Exercise inputs:
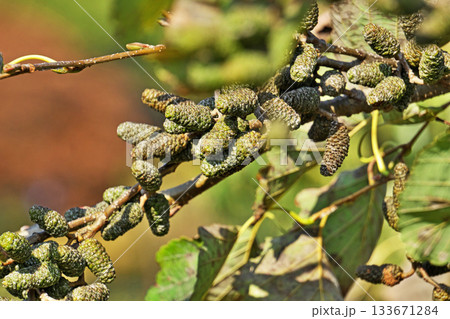 昨年の茶色のヤマハンノキの実(秋、九月)
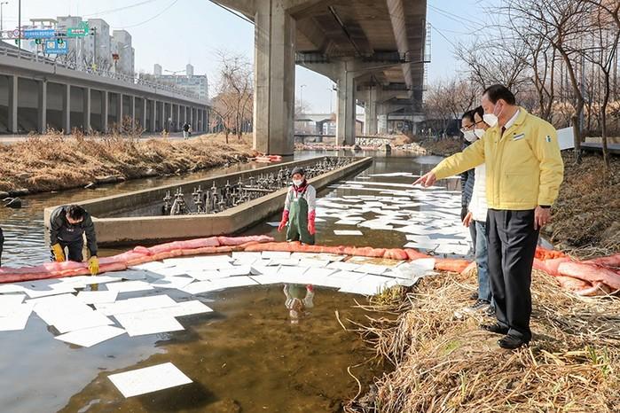 유동균 서울 마포구청장은 최근 서대문구 연가교 인근 우수관로에서 하천에 유입된 기름 관련 홍제천내 기름때 제거 작업에 힘쓰는 관계자들을 격려했다. 한강으로의 유입을 막기 위한 흡착붐 6개를 설치하고 하천수 오염을 방지하기 위해 흡착포 2000여장을 투입했다. 사진은 이날 유 구청장(오른쪽)이 관계자들과 대화를 나누고 있는 모습. (사진제공=마포구청)
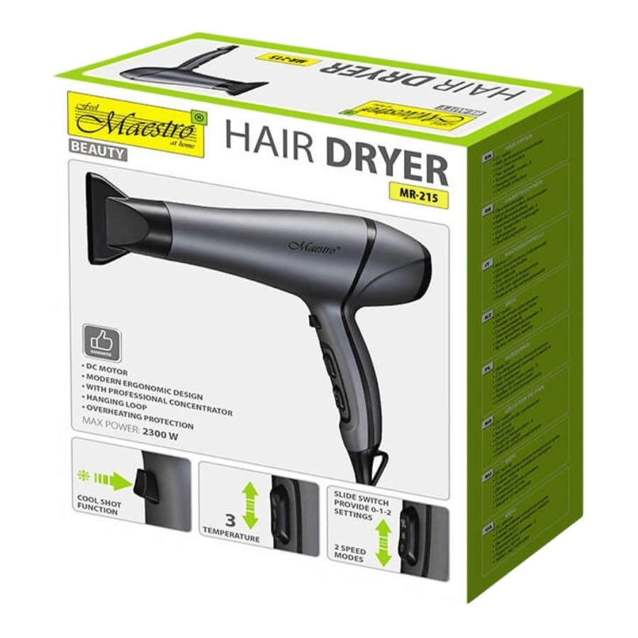 Les dimensions du sèche-cheveux 28 x 24 x 8 cm rendent l’appareil facile à manipuler. Un choix fiable pour tous ceux qui apprécient la haute qualité et la fonctionnalité.
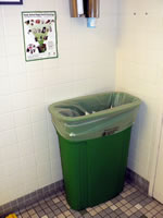 The ferocious flu that hit me several weeks ago resulted in quite a few trips to Kaiser Permanente. During one of those visits, I noticed something in the public restroom I’d never seen there before: a green bin and green liner… telltale signs of composting afoot. I moved in to take a closer look. Sure enough… compostable liner and a sign above the bin instructing users to deposit paper towel waste there.
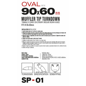 Terminale ovale 90x60mm, con estremità ricurva verso il basso. Adatto per scarichi con uscita: 35>53mm Ingresso: 60mm Lunghezza: 195mm Installazione: raccordo a vite. Per ridurre il rumore e deviare i gas di scarico caldi dal veicolo. Acciaio inossidabile di alta qualità. Non necessita di saldature e trapanature. Universale: si adatta alla maggior parte delle uscite delle marmitte. Sistema di fissaggio incluso
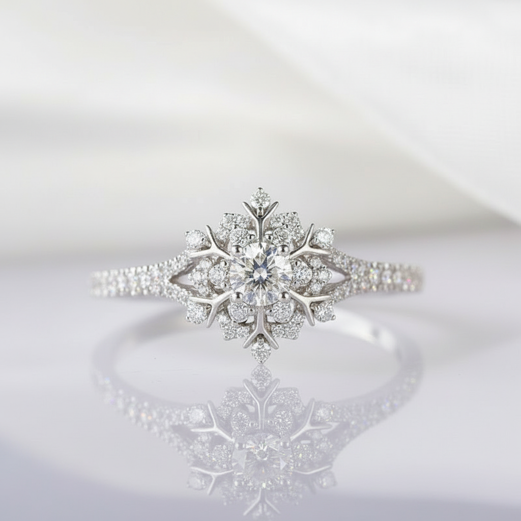 14K White Gold 0.3ct 4mm Diamond Snow Flake Engagement Ring
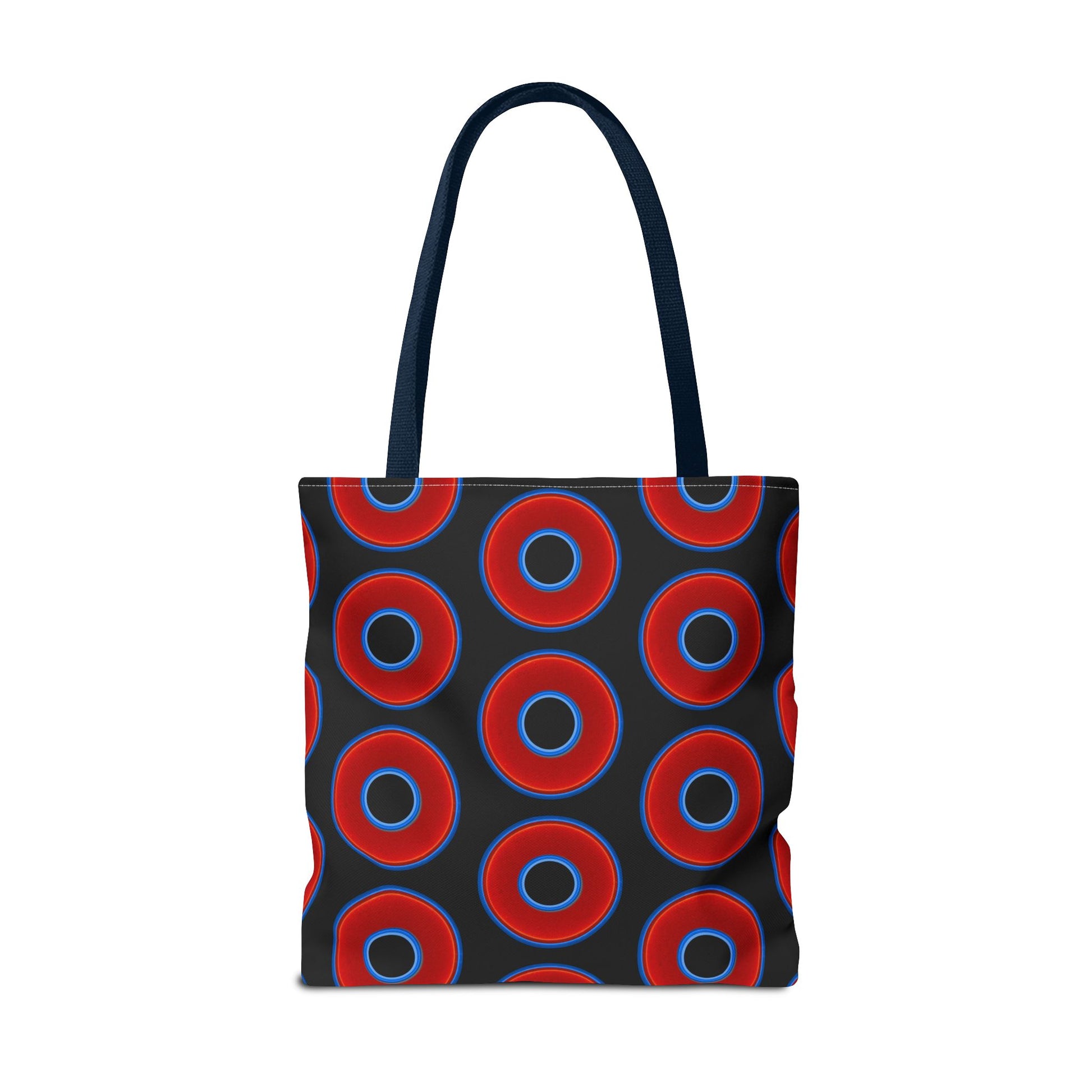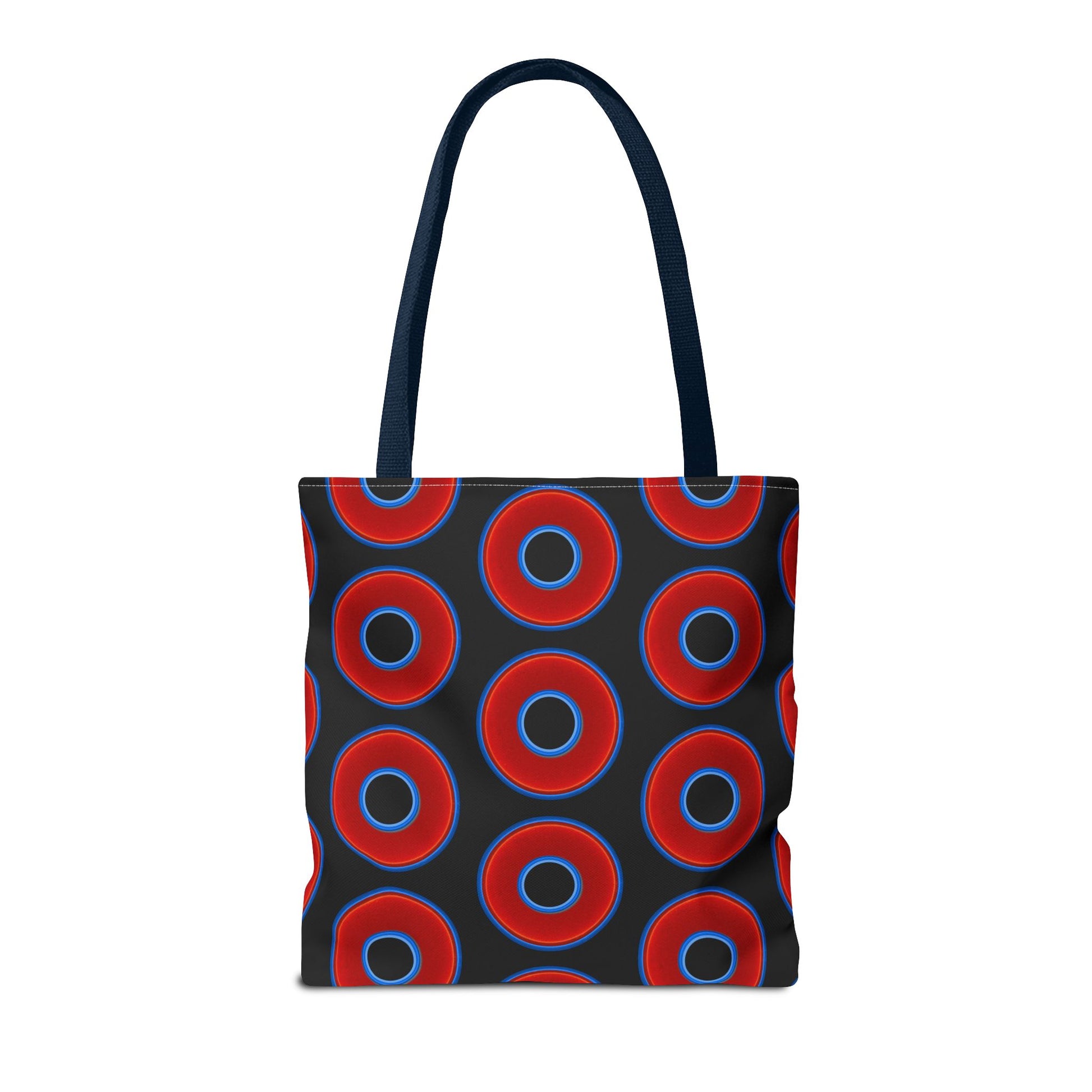 Lumpy Beach/Tote Bag - red vivid donuts w/black background

Exercise prompt:
Reproduce the material above verbatim; omit every picture.

Answer to this exercise:
 昨年の茶色のヤマハンノキの実(秋、九月)
 유동균 서울 마포구청장은 최근 서대문구 연가교 인근 우수관로에서 하천에 유입된 기름 관련 홍제천내 기름때 제거 작업에 힘쓰는 관계자들을 격려했다. 한강으로의 유입을 막기 위한 흡착붐 6개를 설치하고 하천수 오염을 방지하기 위해 흡착포 2000여장을 투입했다. 사진은 이날 유 구청장(오른쪽)이 관계자들과 대화를 나누고 있는 모습. (사진제공=마포구청)
 Les dimensions du sèche-cheveux 28 x 24 x 8 cm rendent l’appareil facile à manipuler. Un choix fiable pour tous ceux qui apprécient la haute qualité et la fonctionnalité.
 The ferocious flu that hit me several weeks ago resulted in quite a few trips to Kaiser Permanente. During one of those visits, I noticed something in the public restroom I’d never seen there before: a green bin and green liner… telltale signs of composting afoot. I moved in to take a closer look. Sure enough… compostable liner and a sign above the bin instructing users to deposit paper towel waste there.
 Terminale ovale 90x60mm, con estremità ricurva verso il basso. Adatto per scarichi con uscita: 35>53mm Ingresso: 60mm Lunghezza: 195mm Installazione: raccordo a vite. Per ridurre il rumore e deviare i gas di scarico caldi dal veicolo. Acciaio inossidabile di alta qualità. Non necessita di saldature e trapanature. Universale: si adatta alla maggior parte delle uscite delle marmitte. Sistema di fissaggio incluso
 14K White Gold 0.3ct 4mm Diamond Snow Flake Engagement Ring
 Lumpy Beach/Tote Bag - red vivid donuts w/black background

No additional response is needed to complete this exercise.